_What needs to be done_.
Print all of the data below exactly as it appears, leaving out every image.

[Stored items from a collection]
☆ ☆ ☆

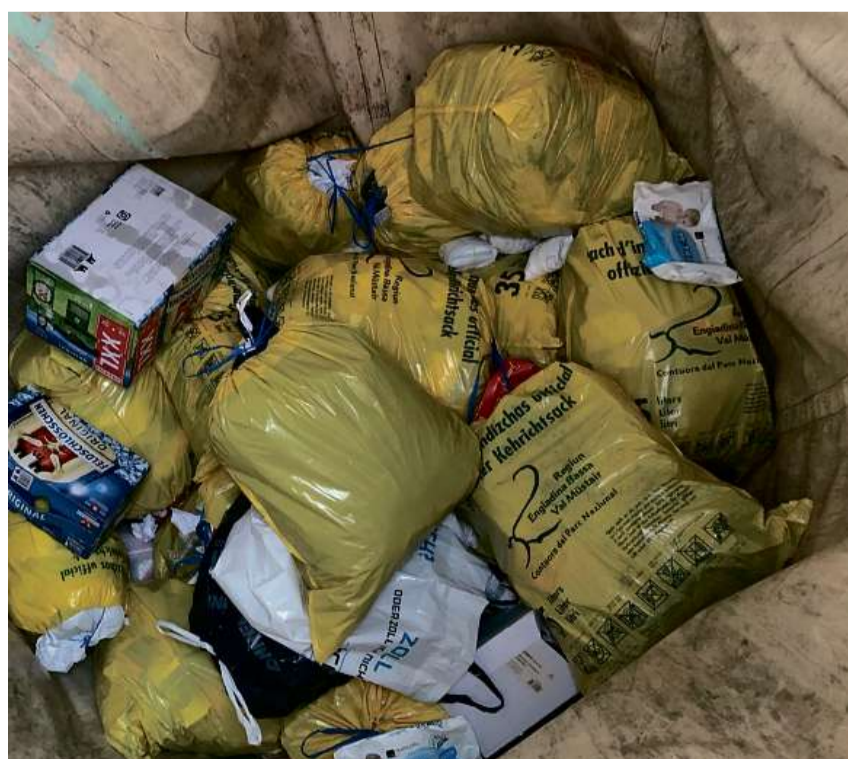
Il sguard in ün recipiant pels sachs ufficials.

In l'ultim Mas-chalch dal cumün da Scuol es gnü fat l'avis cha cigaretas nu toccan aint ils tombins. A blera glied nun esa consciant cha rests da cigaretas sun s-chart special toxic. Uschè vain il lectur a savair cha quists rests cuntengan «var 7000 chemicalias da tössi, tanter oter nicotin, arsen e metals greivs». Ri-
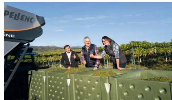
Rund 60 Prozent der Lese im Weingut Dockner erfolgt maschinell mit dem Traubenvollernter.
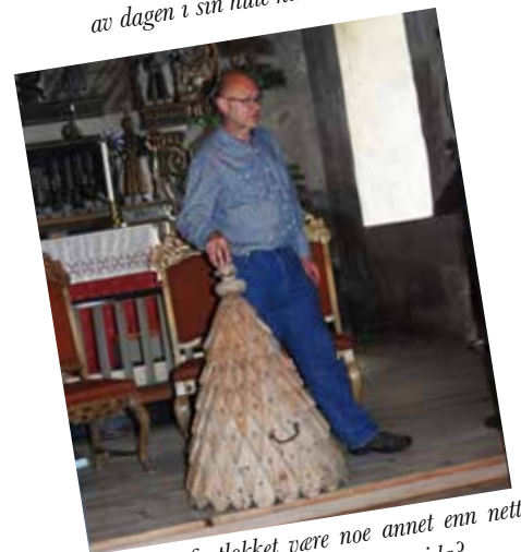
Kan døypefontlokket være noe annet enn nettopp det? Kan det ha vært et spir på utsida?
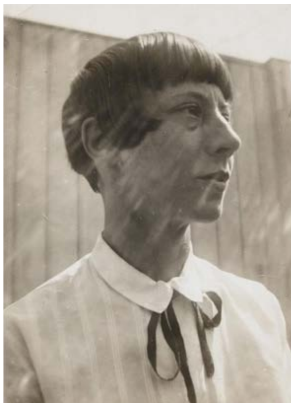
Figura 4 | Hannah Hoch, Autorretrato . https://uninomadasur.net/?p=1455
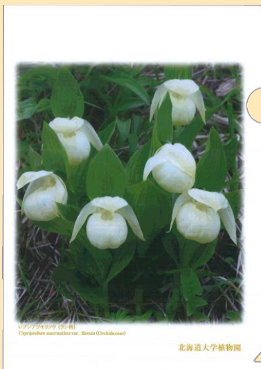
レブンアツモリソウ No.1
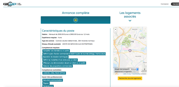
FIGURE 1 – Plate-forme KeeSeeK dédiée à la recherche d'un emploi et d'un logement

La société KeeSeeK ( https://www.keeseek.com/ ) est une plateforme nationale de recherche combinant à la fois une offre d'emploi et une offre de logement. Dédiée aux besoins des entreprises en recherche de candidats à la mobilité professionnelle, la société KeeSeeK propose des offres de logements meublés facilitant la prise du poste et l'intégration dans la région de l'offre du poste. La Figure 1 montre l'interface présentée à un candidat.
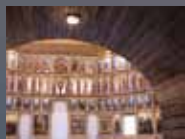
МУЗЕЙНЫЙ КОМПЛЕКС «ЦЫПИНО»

☆ ☆ ☆

_Completed exercise_.
Il sguard in ün recipiant pels sachs ufficials.

In l'ultim Mas-chalch dal cumün da Scuol es gnü fat l'avis cha cigaretas nu toccan aint ils tombins. A blera glied nun esa consciant cha rests da cigaretas sun s-chart special toxic. Uschè vain il lectur a savair cha quists rests cuntengan «var 7000 chemicalias da tössi, tanter oter nicotin, arsen e metals greivs». Ri-
Rund 60 Prozent der Lese im Weingut Dockner erfolgt maschinell mit dem Traubenvollernter.
Kan døypefontlokket være noe annet enn nettopp det? Kan det ha vært et spir på utsida?
Figura 4 | Hannah Hoch, Autorretrato . https://uninomadasur.net/?p=1455
レブンアツモリソウ No.1
FIGURE 1 – Plate-forme KeeSeeK dédiée à la recherche d'un emploi et d'un logement

La société KeeSeeK ( https://www.keeseek.com/ ) est une plateforme nationale de recherche combinant à la fois une offre d'emploi et une offre de logement. Dédiée aux besoins des entreprises en recherche de candidats à la mobilité professionnelle, la société KeeSeeK propose des offres de logements meublés facilitant la prise du poste et l'intégration dans la région de l'offre du poste. La Figure 1 montre l'interface présentée à un candidat.
МУЗЕЙНЫЙ КОМПЛЕКС «ЦЫПИНО»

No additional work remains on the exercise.